DMARDS Remain First Choice Compared to Biologic Therapies for RA

Which agent—DMARD or biologic—or combination is best for a patient with rheumatoid arthritis?

Rheumatoid arthritis (RA) is a condition that remains challenging to manage successfully, despite the availability of many agents and 2 main classes of drugs.

Nonbiologic (synthetic) disease-modifying antirheumatic drugs (DMARDs) are a staple of RA treatment, with 5 agents that have been used in more than 170 possible double or triple DMARD combinations.1 Meanwhile, biologic therapies have been shown to reduce joint inflammation and contain erosive damage, and often reduce disability and improve quality of life in patients with RA, but at a cost. Estimates suggest biologic therapies may run as high as 100 times the cost of a traditional DMARD therapy. The question still remains: Which agent or combination is best for an individual patient with RA?

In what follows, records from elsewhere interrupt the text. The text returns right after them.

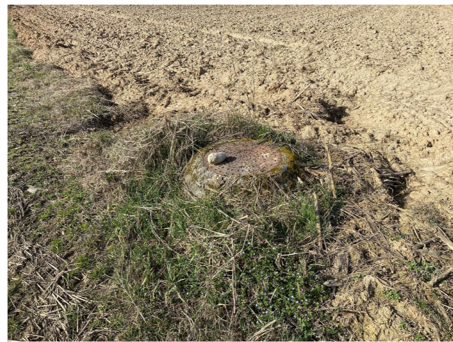
Ripresa fotografica 19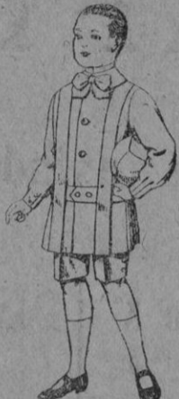
Trajes de lanilla para niños de 4 a 9 años. De pts. 12 a 31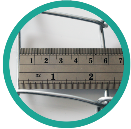
ตาทั่วไป ขนาด 2 นิ้ววัดจริงได้ 2 นิ้ว 2 หุน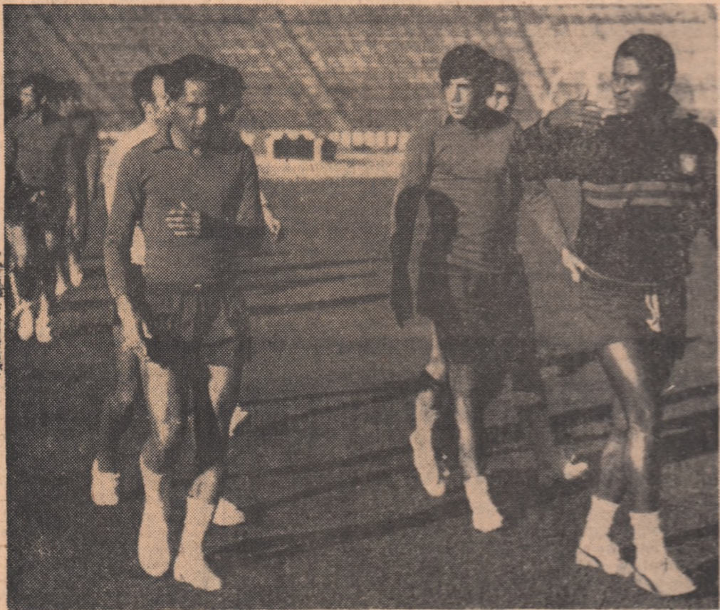
Secvență din antrenamentul de ieri al portughezilor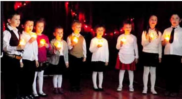
Az óvodások gyertyás táncot adtak elő a karácsonyvárón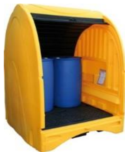
BRP4F EXT- 250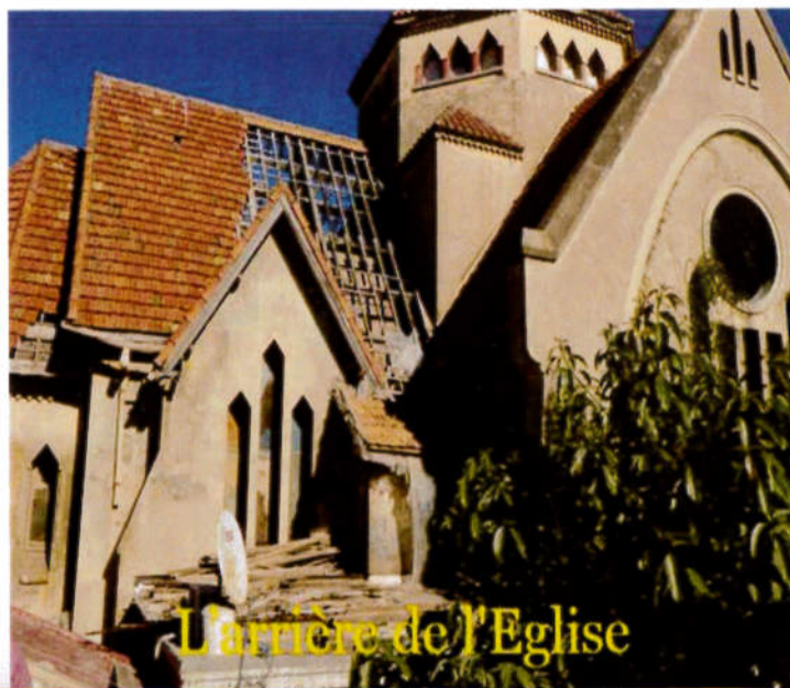
L'arrière de l'Eglise

Nous refaisons notre réunion à Pentecôte cette année 2024 mais cela se passera à Aix en Provence Maison Maréchal Juin. Edifice magnifique dédié à nous, pieds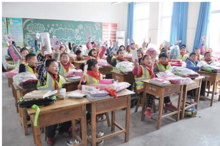
△走进贫困山区为小学生献爱心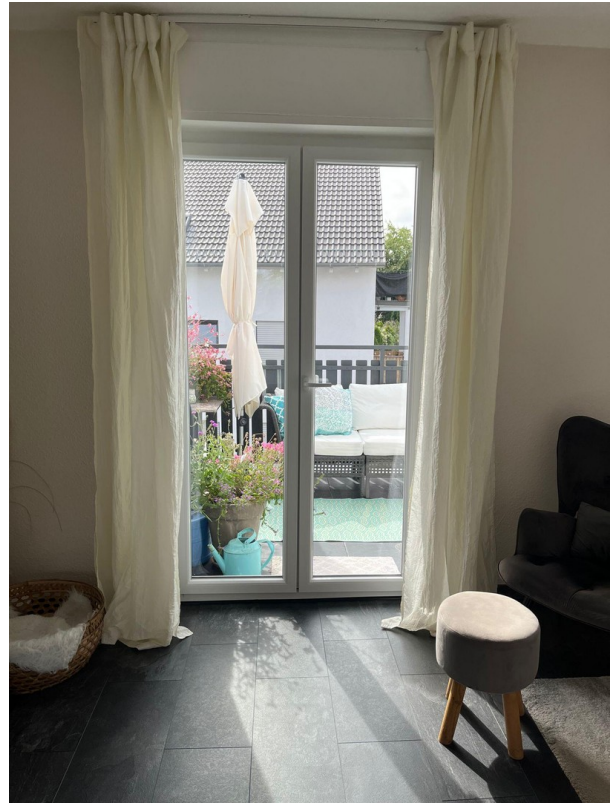
1.OG Zugang Balkon

One of the greatest obstacles to treatment selection is lack of a clear benefit of one class of agents compared to the other.  A 2015 meta-analysis by Graudal et al reviewed data from 8 randomized clinical trials in RA (from a pool of  200 trials comparing DMARDS to tumor necrosis factor [TNF] inhibitors) for evidence of the best combinations of DMARD therapies and discerned only “small” differences between them.2

The studies selected for review each compared combinations of DMARD therapies to combinations of TNF inhibitors and methotrexate. The authors ascribed the small number of eligible trials to both a general lack of relevant investigation and to a lack of fair controls in comparative trials.2

On first look, the combination of TNF inhibitor plus methotrexate was significantly better than double or triple DMARD therapy over 6 months. This benefit disappeared over time, however, and by 18 months was no longer evident.2

What the Guidelines Say

In 2008, the American College of Rheumatology (ACR) compiled available information to assemble guidelines for the treatment of RA,1 but determined  that the evidence was not strong enough for “guidelines,” and they published a set of “recommendations” instead. 

These early recommendations differentiated between duration of RA symptoms to include early RA (< 6 months) or intermediate and longer-duration RA (> 6 months).1 Since that time, the ACR came to recognize disease activity as a more important measurement of severity than duration, and later updates modified these designations into 3 categories of RA patients: those with early RA, established RA, and high-risk comorbid conditions.3

In 2015, the ACR published an updated set of recommendations that focused specifically on a treat-to-target approach to therapy using first-line DMARDS (preferably methotrexate) in combination with both biologic agents and nonbiologic DMARDS to achieve optimal therapeutic efficacy.3

In early RA where disease burden is low, DMARD monotherapy was recommended over double or triple DMARDs, with methotrexate as the preferred first agent. For  individuals with moderate to high disease activity, the addition of a second DMARD, or a DMARD combined with a TNF inhibitor or biologic agent was recommended, with or without methotrexate. Low-dose glucocorticoids were conditionally recommended as adjunct therapy in situations where the other therapies were not sufficient, or for short-term flares.

For patients with high disease activity despite combined DMARD or DMARD/TNF inhibitor treatment, biologic therapy plus methotrexate is preferable to biologic therapy alone.

Traditional DMARD therapy was strongly recommended over TNF inhibitors in both early and established RA, starting with monotherapy and escalating therapy in “no particular order of preference,” as the evidence was still not sufficient to recommend one treatment over another in any patient group. The European League Against Rheumatism (EULAR) recommendations, updated in 2013, also pointed to a lack of data on comparative efficacy as an obstacle to optimal treatment selection, despite a large number of available agents.4

What has evolved from this large field of choices, however, is a new treatment strategy.  The ACR updated recommendations in 2015 led with the statement, “We strongly recommend using a treat-to-target strategy rather than a nontargeted approach, regardless of disease activity level.”